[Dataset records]
---------------

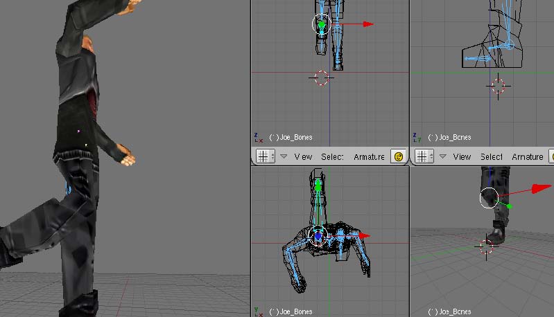 Como siguiente paso asegúrate de que el cursor esté centrado en el área pélvica de joe desde las vistas frontal y lateral. [barra espaciadora] add>>armature. Esto creara una nueva armadura o sistema de huesos para nuestra malla joe. Deberías tener algo muy similar a la imagen siguiente.
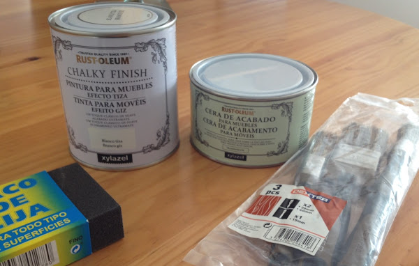 1.- Los materiales: Elegir una buena pintura a la tiza. Las hay de muy diversas marcas en el mercado y todas muy buenas, sólo es cuestión de ir probando hasta dar con la que más os guste Una brocha de cerdas muy suaves para evitar que la pintura deje marcas al aplicarla. Una lija y cera incolora.
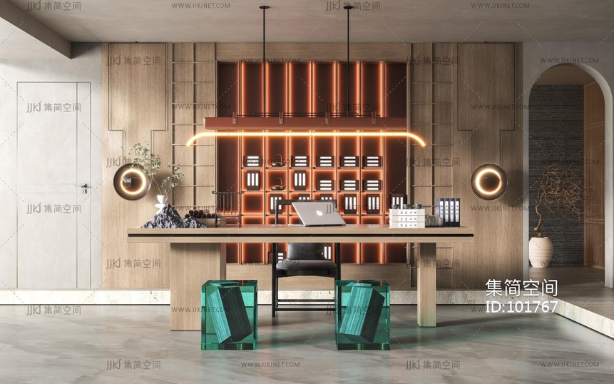 现代书房 书桌椅 壁柜 挂画 吊灯 书 盆栽 摆件3d模型下载
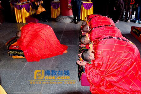 在庄严的梵音中,妙华法师拈香升座,法脉弟子悟圣法师、悟博法师、能度法师、惟正法师、来绘法师、常妙法师拈香、展具、礼拜、长跪合掌,聆听妙华法师宣说法语。
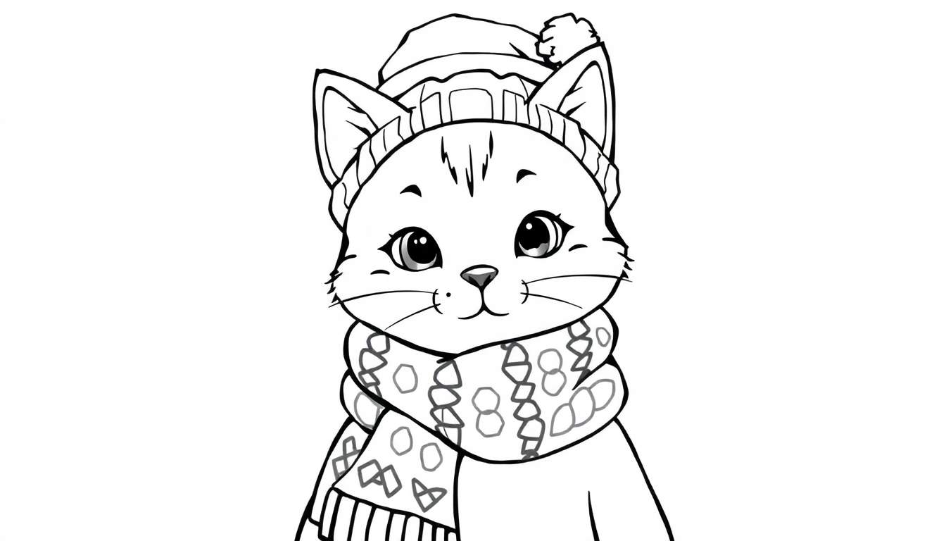 Ontdek deze schattige zwart-wit kleurplaat van een kat met een gezellige wintermuts en sjaal. Perfect voor urenlang kleurplezier! Download gratis.
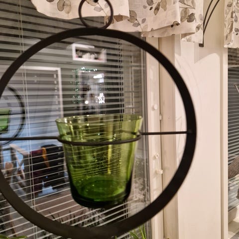 Metallinen riippuva lyhty mustassa värissä. Lyhty on muotoiltu avoimilla metallisangoilla, jotka muodostavat soikean muodon. Sopii sisä- tai ulkokäyttöön, esimerkiksi kynttilän tai pienen valonlähteen sijoittamiseen. Korkeus noin 32, metallikoukku noin 31 cm

---------------

__EXERCISE OBJECTIVE__
Each line from the one containing "在庄严的梵音中,妙华法师拈香" through the end of the records above is to be retyped exactly, with the pictures omitted and nothing added.

__REPLY__
 在庄严的梵音中,妙华法师拈香升座,法脉弟子悟圣法师、悟博法师、能度法师、惟正法师、来绘法师、常妙法师拈香、展具、礼拜、长跪合掌,聆听妙华法师宣说法语。
 Ontdek deze schattige zwart-wit kleurplaat van een kat met een gezellige wintermuts en sjaal. Perfect voor urenlang kleurplezier! Download gratis.
 Metallinen riippuva lyhty mustassa värissä. Lyhty on muotoiltu avoimilla metallisangoilla, jotka muodostavat soikean muodon. Sopii sisä- tai ulkokäyttöön, esimerkiksi kynttilän tai pienen valonlähteen sijoittamiseen. Korkeus noin 32, metallikoukku noin 31 cm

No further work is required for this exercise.